Between reloading his brush with as much paste as he could use without getting fluoride poisoning and trying not to gag every time he accidentally poked too far back on his tongue, Romano wondered what kind of bizarre fever dream he'd been having last night. He dimly recalled thinking he'd been attacked by a murderer… who turned out to be Spain… and he remembered being worried about his brother for some reason… and there'd been something about France… molesting fireworks? Shaking his head – the stuff his subconscious churned out when he was sick was unbelievable – he spit toothpaste foam into the basin one last time and rinsed out his finally clean mouth. He had forgotten how nice it was to not taste vomit all the time.

Raindrops were splattering against the bedroom windows when he wandered in, making his way towards the bed and shedding articles of clothing as he did so. Once he was down to just his underwear, he cocooned himself in blankets, turned his pillow over so he wouldn't be sleeping on the damp side, and resumed his former position as Spain's cuddle toy. The short excursion to the bathroom had worn him out. Romano yawned sleepily and nudged Spain until the man shifted over – he'd sweat through his clothes and the sheets where he had lain felt gross. The tiny part of his mind that he reluctantly allowed to acknowledge the validity of everything that pissed him off was grateful he hadn't actually wet the bed, since his pain-in-the-ass boyfriend would never have stopped bringing it up at inappropriate times if he had. _Probably dehydrated,_ he thought, swiping his tongue over dry, cracked lips,_ should do something about that… later._

Spain snuffled, mumbled aimlessly in Spanish, and curled an arm around the overheated body next to his own. Romano caught his name and what sounded like a marriage proposal among the gibberish, but was too exhausted to react beyond yawning, "Shut up, idiot."

He drifted for a while. The rain stopped and started and stopped _ad infinitum_ like a leaky faucet. Around the time the clock downstairs chimed eight, Romano felt Spain touch his forehead, then roll off the bed. Since he wasn't as pathetically fragile as he'd been last night, he turned onto his stomach and stole Spain's pillow instead of panicking when the other nation didn't return.

At some point, he actually fell asleep, and when he woke again it was to the muffled sound of his phone ringing rather than overwhelming nausea. "Damn it," he groaned, realizing that his pants were too far away to be reached without getting up. "Who's calling me _this_ early?"

Upon dragging himself out of bed and digging his phone out of his pocket, he discovered that it was actually eleven in the morning. He decided it was still too early for polite conversation and flipped the phone open without looking at the display. "What?"

"Good morning!"

Romano padded into the bathroom, shaking off the odd sense of relief that swamped him the moment he heard his brother's voice. "Hi. What do you want?"

"You sound _terrible_," Veneziano said, instead of answering the question like a normal person. His voice was so riddled with concern that Romano let it go. "Are you okay?"

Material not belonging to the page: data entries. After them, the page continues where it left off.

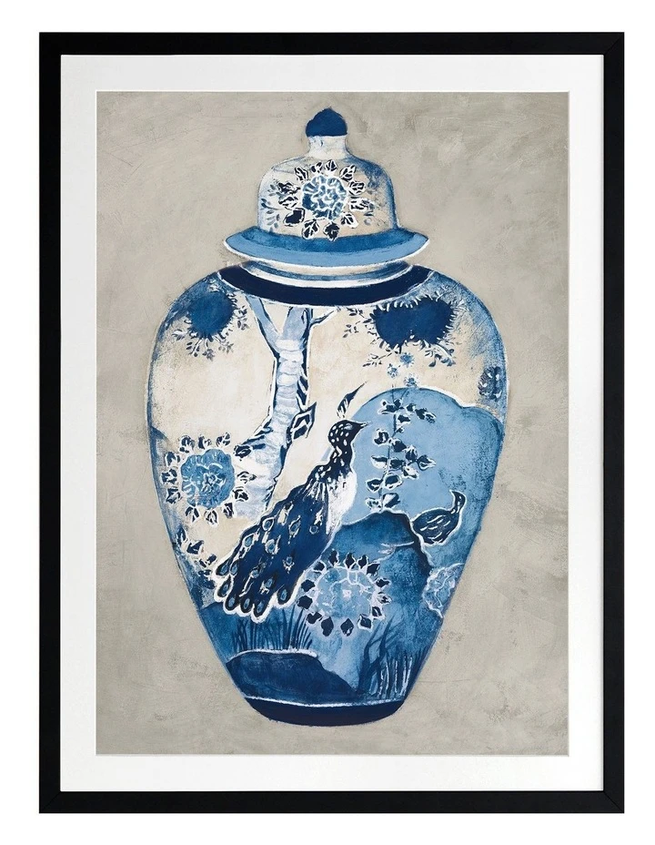 Orient II Print Black Frame – Quintessential Hamptons chic comes to life in this incredible art print featuring an intricately painted ginger jar. The blue and white jar features ornate, floral motifs, and is contrasted against a textured grey background. Pairs with Orient I.FRAMED ART: Giclee printed using archival inks and paper – which means no fading! Framed with a quality moulding and mounted behind museum grade plexiglass. Comes ready to hang.
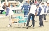 中学生レスキュー隊が、応急手当や担架搬送の実践を行っていました。
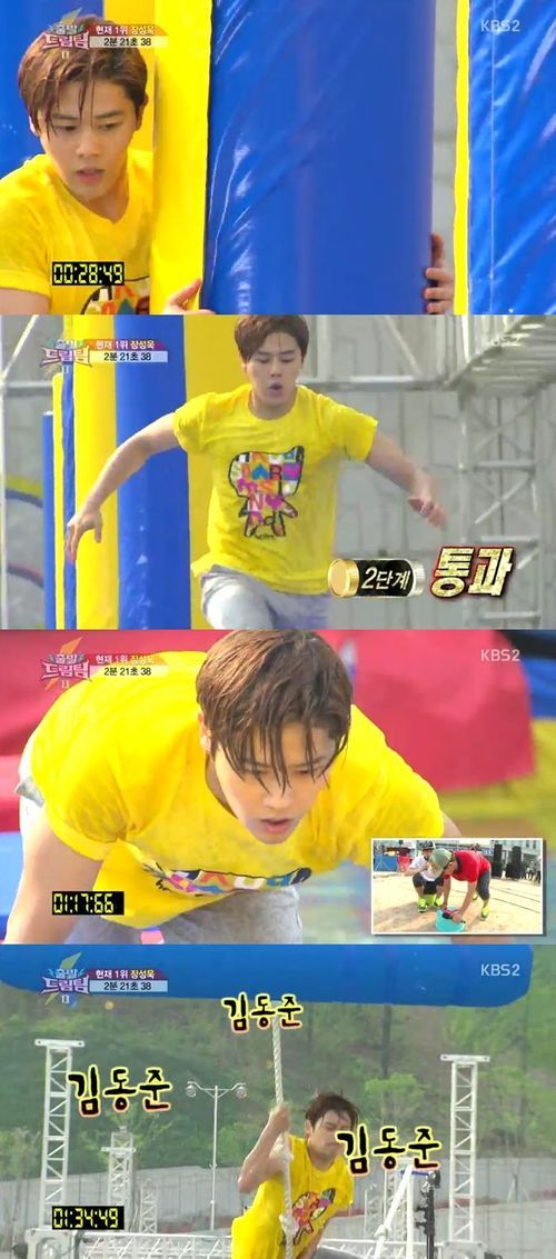 김동준 26일 오전 방송된 KBS 2TV '출발드림팀 시즌2'(이하 '드림팀2')에서 국가대표 태권도 시범단에 맞설 드림팀의 여섯 번 째 주자로 나서 종합 장애물 5종 경기에 도전했다.
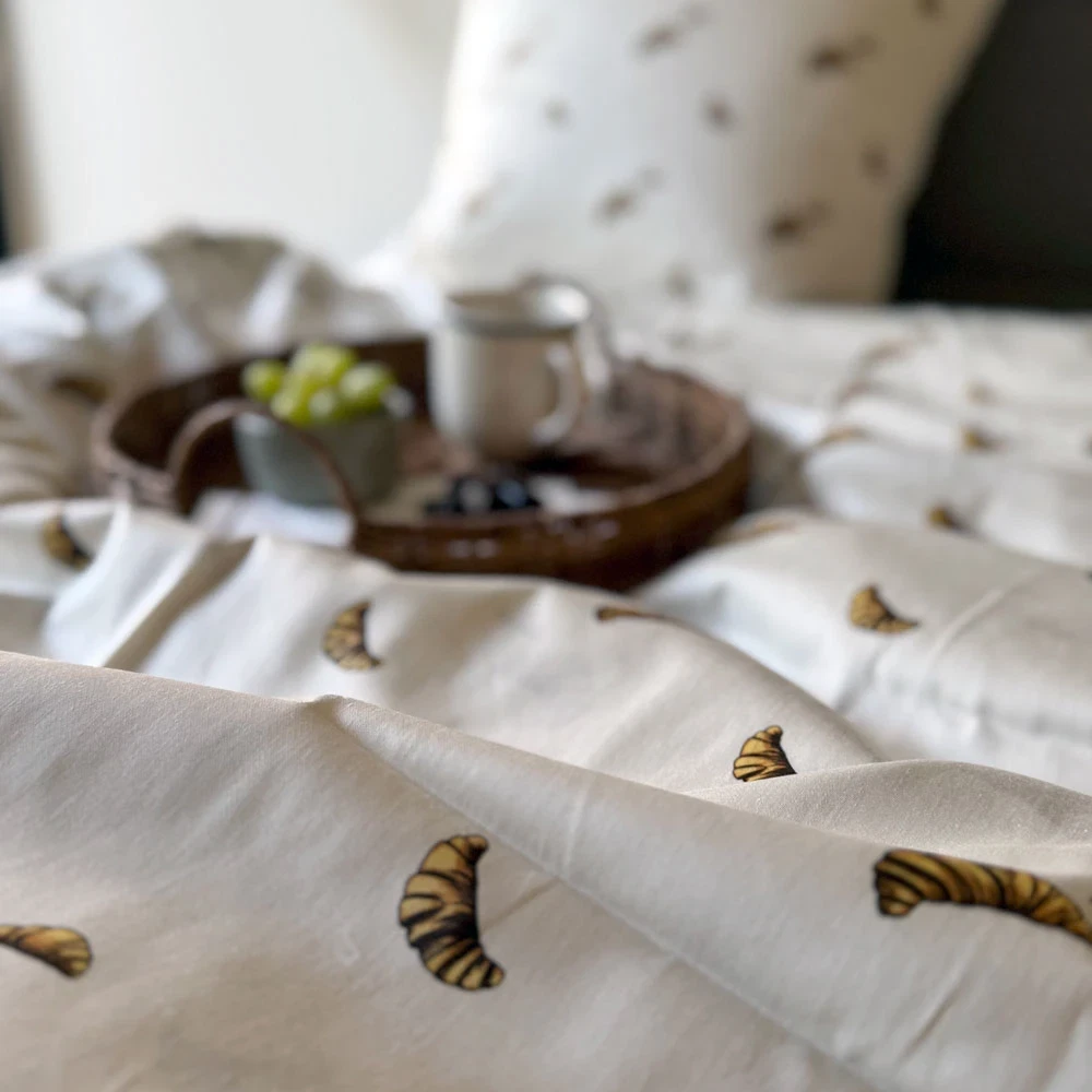 Sengesæt 140x200 cm - Bomuldssatin - Croissant - Luna DenmarkBløde luksus håndklæder i bomuld og bambusSmukt sengesæt til dig, der ønsker et smukt udtryk i soveværelset.Sengesættet fra Luna Denmark har et smukt croissant print.
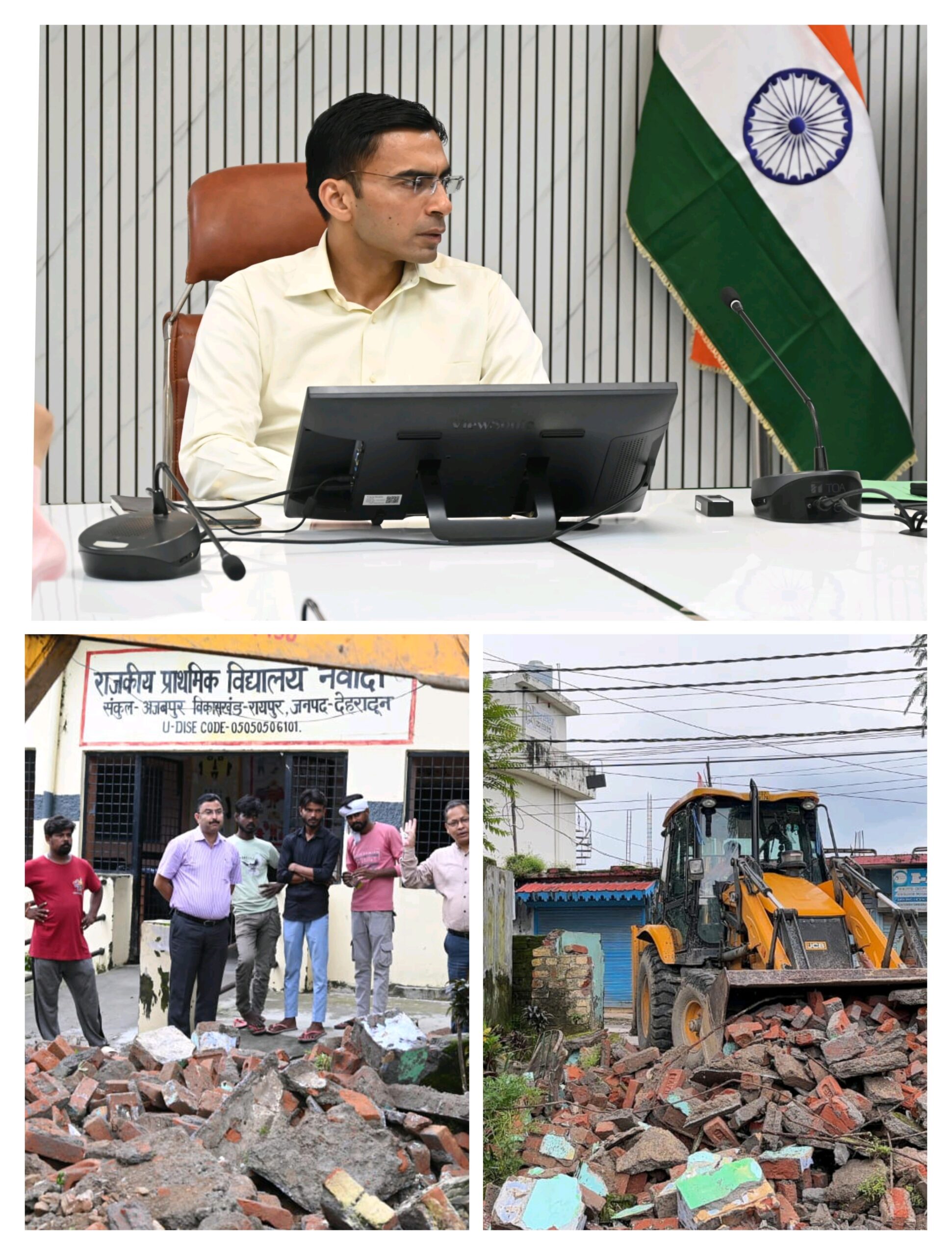 देहरादून दिनांक 23 अगस्त 2025 (सू.वि), जिलाप्रशासन देहरादून ने सरकारी भूमि पर अतिक्रमण कर किए गए निर्माण को हटा दिया गया है। राजकीय प्राथमिक विद्यालय नवादा परिसर में बनी अवैध निर्माण कर बनाई गई मजार को आज ध्वस्त कर दिया। जिला प्रशासन को शिकायत प्राप्त हुई थी कि स्कूल परिसर में सरकारी भूमि पर अवैध निर्माण कर मजार बनाई गई है, जिससे बच्चों की पढ़ाई का वातावरण भी प्रभावित हो रहा है।
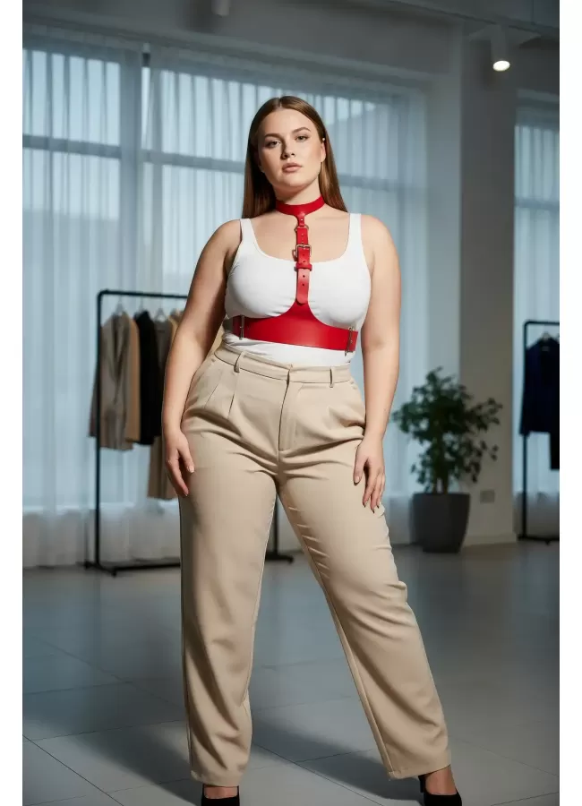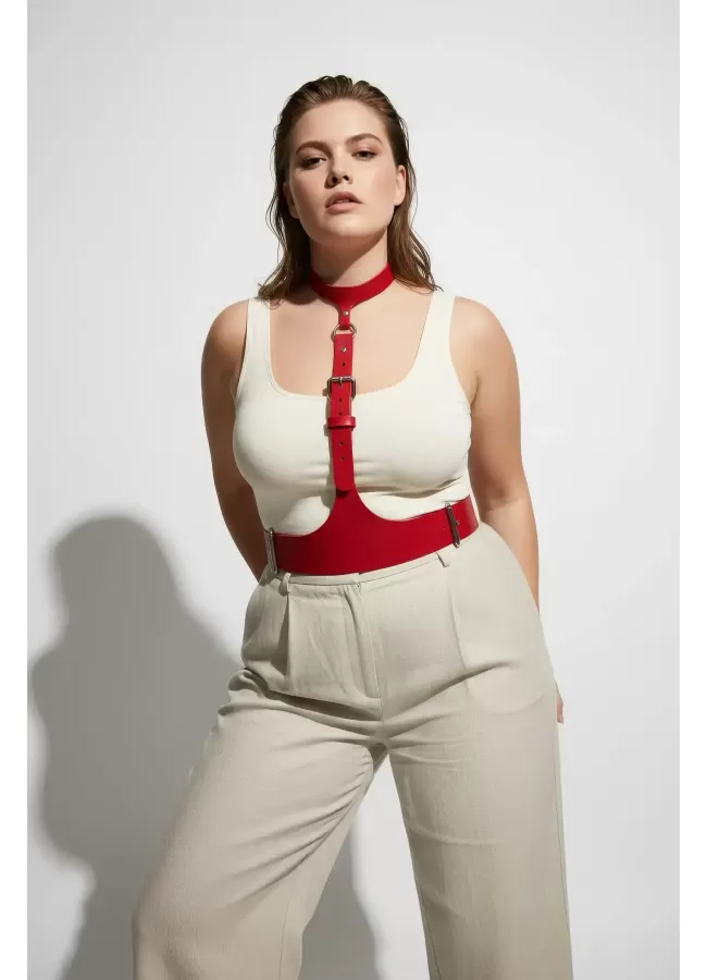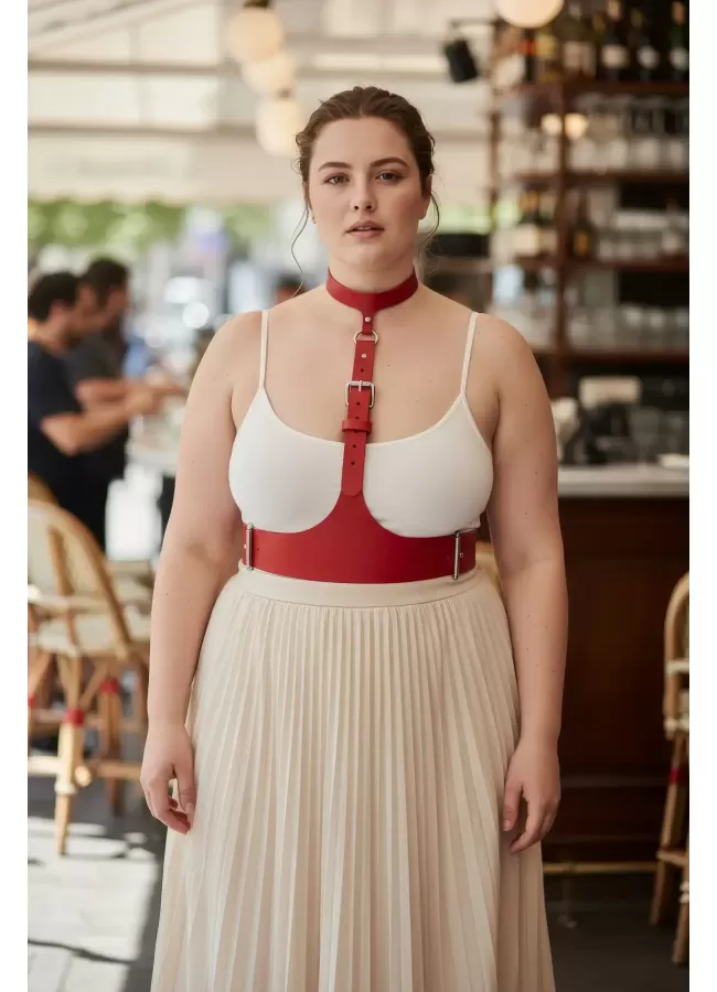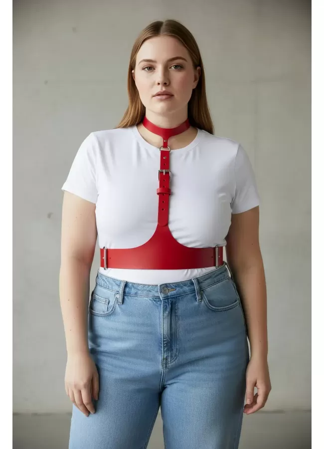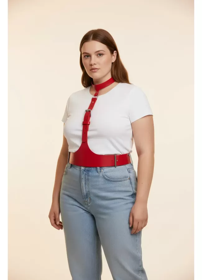 Büyük Beden Kırmızı Kadın Kemer Deri Harness Zincir Detaylı Vücut Aksesuarı - APFT9

There was an empty glass on the counter. Romano grabbed it, turned on the faucet, filled it up, and took a sip – _oh, __God__, I don't think water's ever tasted this good before._ "I'm fine."

"Spain said you were sick."

_Crap_. He hadn't planned to tell Veneziano how ill he'd been. There was no reason to make him fret, especially now that he was feeling marginally better. "When the hell were you talking to Spain?"

"A few hours ago. He called and said you'd gotten really sick last night and you were upset because I wasn't there. _Ve_, Romano, do you want me to come over?"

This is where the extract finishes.